As another poster mentioned, the government can already get a wiretap easily enough without having to break the cipher.
I am sick and tired of conspiracy theories. Remember the sage advice to never attribute to malice what can be adequately explained by incompetence.
When someone who understands cryptographic security says "security through obscurity isn't security at all," they typically mean that knowledge of the algorithm shouldn't provide any significant benefit to an attacker. In other words, the exchange should be computationally secure even if attackers know the mechanism of encryption/decryption. In cases of public/private key encryption, the exchange should be computationally secure even if attackers know the public key.
The "obscurity" of a private key, for instance, isn't the obscurity that we're talking about. You either don't know that, or you're just out to rag on me (didn't get what you wanted for chanuquanchristmasolstice?). Whatever. My initial point, that A5/1 is naturally insecure (subject to known-plaintext attacks and hit by relatively-easily-generated rainbow tables) and this project highlights that, still stands.

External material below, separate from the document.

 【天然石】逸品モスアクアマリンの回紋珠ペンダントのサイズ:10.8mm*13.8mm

I have no need to get into a credentials-off with someone on Slashdot, but I'll happily discuss the more technical aspects of cryptography with anyone interested/interesting, yourself included.

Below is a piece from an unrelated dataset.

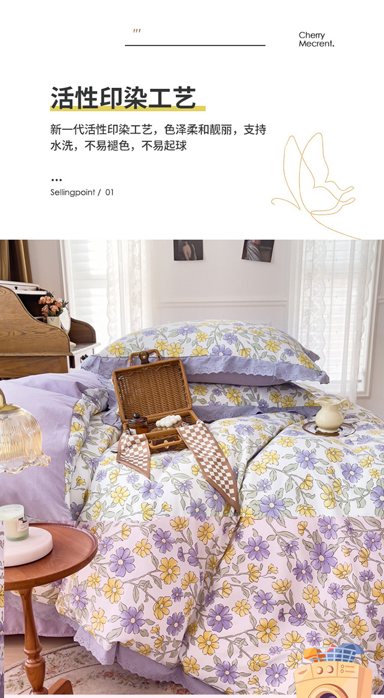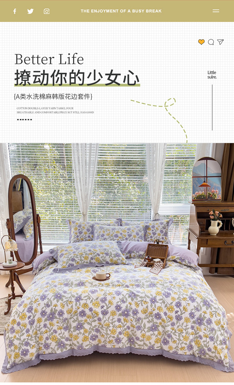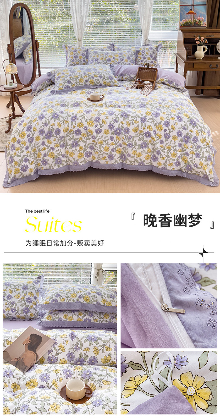 当前位置: 91家纺网 > 商品网购 > 床品套件 > 四件套 > 水洗棉四件套 > 大米 2023新款复古花边A类印花水洗棉麻四件套 晚香幽梦

Honestly, I suspect that a few things are in play here:
- A5/1 is relatively easy to implement in limited hardware.
- Much of the existing infrastructure hardware has code that either sits in ASICs (this seems unlikely at this point) or bolted-into-a-box firmware that would require costly re-flashing.
- Companies aren't forced by consumers to provide genuine security.

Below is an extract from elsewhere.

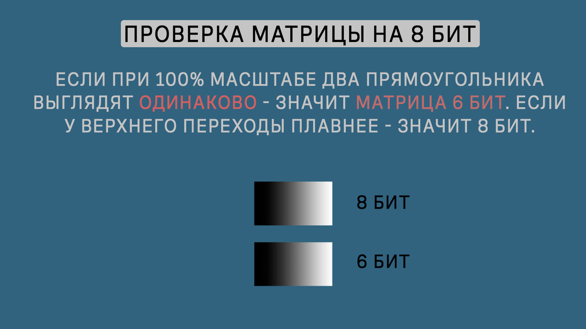 Всем привет! Я люблю простоту, поэтому и тест максимально прост. Два прямоугольника шириной 256 пикселей. В верхнем 256 полутонов, в нижнем 64. Если матрица отображает их одинаково - значит дисплей 6 бит. Если же на верхнем переходы не заметны и плавны, а на нижнем более ступенчаты - матрица 8 бит. Чтоб тест правильно сработал - надо открыть файл в 100% масштабе. Можно нажать левой кнопкой мыши по изображению, а затем правой кнопкой и выбрать - открыть в новой вкладке (окне). Оригинал файла можно скачать тут. Я думаю при выборе монитора - этот тест будет незаменим. Если оказался полезен - подписывайся и ставь лайк! Всем отличных покупок!

- Most phone calls are *really* boring, and most of us honestly have nothing that we feel is worth hiding (I'm not saying that this sentiment is a good one in general).
I would like to think that the public will eventually get wise and call, globally, for the use of cryptographic algorithms that are more genuinely secure, even against government intrusion, but I know that this is next to impossible. Phone companies did a cost/benefit analysis on this one long ago and decided that the encryption that they were using was sufficient. With public awareness, the costs/benefits of modernization have changed (fractionally). In general, this is good news.
Actually GSM requires a stream cipher while your suggestion, AES, is a block cipher and would not work in this case.
Of course it is trivial to turn a block cipher like AES into a stream cipher, but its performance cannot compete with a "native" stream cipher.
You can streamcipher with AES. http://en.wikipedia.org/wiki/Block_cipher_modes_of_operation
Religion is what happens when nature strikes and groupthink goes wrong.